A New Literary History of America (Harvard University Press Reference Library #16) (Paperback)
America is a nation making itself up as it goes along--a story of discovery and invention unfolding in speeches and images, letters and poetry, unprecedented feats of scholarship and imagination. In these myriad, multiform, endlessly changing expressions of the American experience, the authors and editors of this volume find a new American history.In more than two hundred original essays, A New Literary History of America brings together the nation's many voices. From the first conception of a New World in the sixteenth century to the latest re-envisioning of that world in cartoons, television, science fiction, and hip hop, the book gives us a new, kaleidoscopic view of what "Made in America" means. Literature, music, film, art, history, science, philosophy, political rhetoric--cultural creations of every kind appear in relation to each other, and to the time and place that give them shape. The meeting of minds is extraordinary as T. J. Clark writes on Jackson Pollock, Paul Muldoon on Carl Sandburg, Camille Paglia on Tennessee Williams, Sarah Vowell on Grant Wood's American Gothic, Walter Mosley on hard-boiled detective fiction, Jonathan Lethem on Thomas Edison, Gerald Early on Tarzan, Bharati Mukherjee on The Scarlet Letter, Gish Jen on Catcher in the Rye, and Ishmael Reed on Huckleberry Finn.
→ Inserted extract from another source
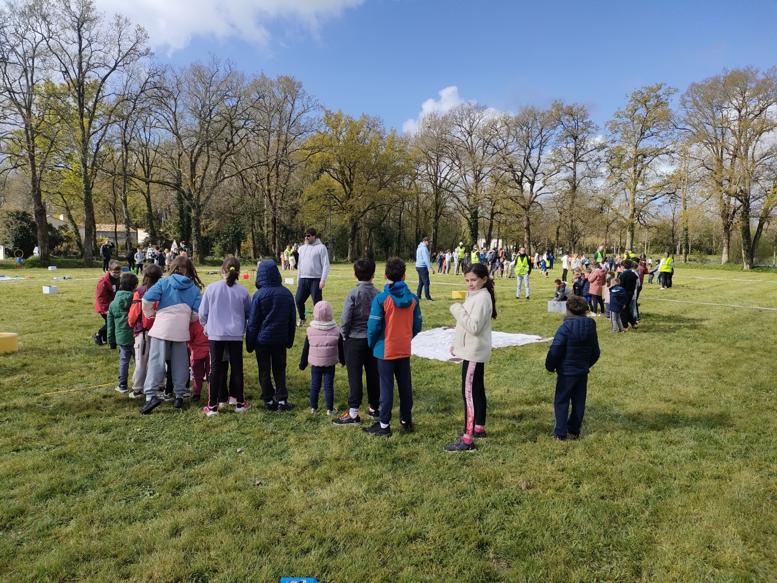 Direction ensuite le parc de loisirs pour deux heures et demie d’activités sportives organisées en trois circuits. Les élèves, répartis en 24 équipes mêlant les âges, ont enchaîné relais déguisés, jeux de lancer, défis de ballons chronométrés et constructions coopératives… Encadrés par 12 enseignants, soutenus par les personnels, AESH et de nombreux parents accompagnateurs, les enfants ont développé esprit d’équipe, respect et goût de l’effort dans une ambiance ludique.
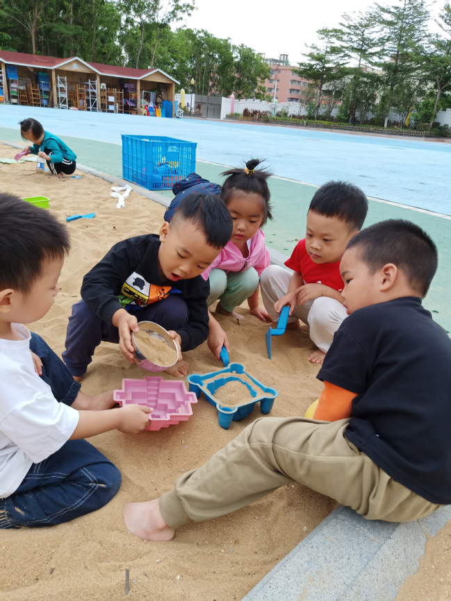 沙子有流动性,当抓起一把沙子时,沙粒会从指缝中流动,给幼儿一种很特别的感受,发展了幼儿的感知觉。

From Anne Bradstreet and John Winthrop to Philip Roth and Toni Morrison, from Alexander Graham Bell and Stephen Foster to Alcoholics Anonymous, Life, Chuck Berry, Alfred Hitchcock, and Ronald Reagan, this is America singing, celebrating itself, and becoming something altogether different, plural, singular, new.
About the Author
Greil Marcus is the author of Lipstick Traces, The Dustbin of History (both from Harvard), and The Shape of Things to Come, The Old, Weird America, and other books. Werner Sollors is Henry B. and Anne M. Cabot Professor of English Literature and Professor of African and African American Studies at Harvard University.